Methylation of gene promoter is the most studied epigenetic modification, wherein, methylation of Septin9 gene promoter is the CRC diagnostic marker which is the most widely used in clinic at present. Research finds that Septin9 gene is used as tumor suppressor gene, and the methylation of promoter region inhibits the normal expression of the gene, thereby losing the cancer suppressor function and promoting the development of CRC. During colorectal cancer development, septin9 DNA is released from necrotic and apoptotic cancer cells into the peripheral blood, and thus CRC can be diagnosed by detecting the degree of methylation of the Septin9 gene (methylated Septin9, mSEPT 9) in the peripheral blood. However, the concentration of target molecules in body fluids is very low, and the sensitivity of detection of free DNA methylation depends on the methylation level of single CpG sites, which has been a major obstacle for cancer diagnosis based on methylated DNA fragments.
Effective methylated gene detection means are key to clinical application. MethyLight is a fluorescent-based real-time quantitative PCR (quantitative real-time PCR) method, and is widely used for methylation detection of tumor genes due to simple operation and relative quantification. In recent years, a kit for detecting mSEPT9 based on qPCR has been developed abroad, and the technology not only has higher sensitivity and specificity, but also overcomes the sensitivity difference caused by lesion positions. However, the qPCR technique has its limitations, such as low sensitivity, poor precision and repeatability, etc. when detecting low concentration samples. Compared with the qPCR technology, the methylation detection method based on the digital PCR (digital PCR, dPCR) technology can reduce background interference and pollution, can reduce the influence of PCR inhibition factors, has higher sensitivity and better accuracy and repeatability, and can realize absolute quantification.
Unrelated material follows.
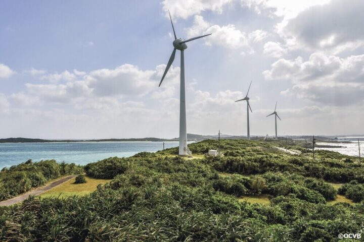 宮古本島の最西端であるとともに最北端にもあたる西平安名崎。左に伊良部島(いらぶじま)、右に池間島と池間大橋を一望できる雄大なパノラマは、東平安名崎とは対照的な穏やかな景色が広がっています。また、エネトピア構想の一環である風力発電の大きな風車がいくつも建ち並び、その独特の景観は西平安名崎のシンボルにもなっています。

However, the common droplet dPCR technology has the key difficulties of tedious operation, easy pollution generation and the like.
Disclosure of Invention
The invention aims to overcome the defects of low sensitivity, complex operation, easy pollution generation and the like in detecting Septin9 gene methylation in the prior art, and provides a Septin9 gene methylation detection kit based on microfluidic chip digital PCR, which enhances the specificity of a reaction system by introducing a locked nucleic acid modified primer and a probe, optimizes the concentration of the primer and the probe, and optimizes the denaturation time and annealing/extension temperature of the microfluidic chip digital PCR, thereby further improving the amplification efficiency of the system and enhancing a fluorescent signal.
In order to realize the purpose, the technical scheme adopted by the invention is as follows:
a Septin9 gene methylation detection kit based on microfluidic chip type digital PCR comprises upstream and downstream primers and a detection probe aiming at methylation of CpG islands in a promoter region of a Septin9 gene V2 transcript, wherein the sequences of the upstream and downstream primers and the detection probe are as follows:
septin9 upstream primer: 5'-GTAGTTAGTTTAGTATTTATTTTC/iXNA _ G/-3',
septin9 downstream primer: 5'-CCCACCAACCATCATAT/iXNA _ C/-3',
septin9 detection probe: 5'-TTAGTTG/iXNA _ C/G/iXNA _ C/GTTGAT/iXNA _ C/G-3'.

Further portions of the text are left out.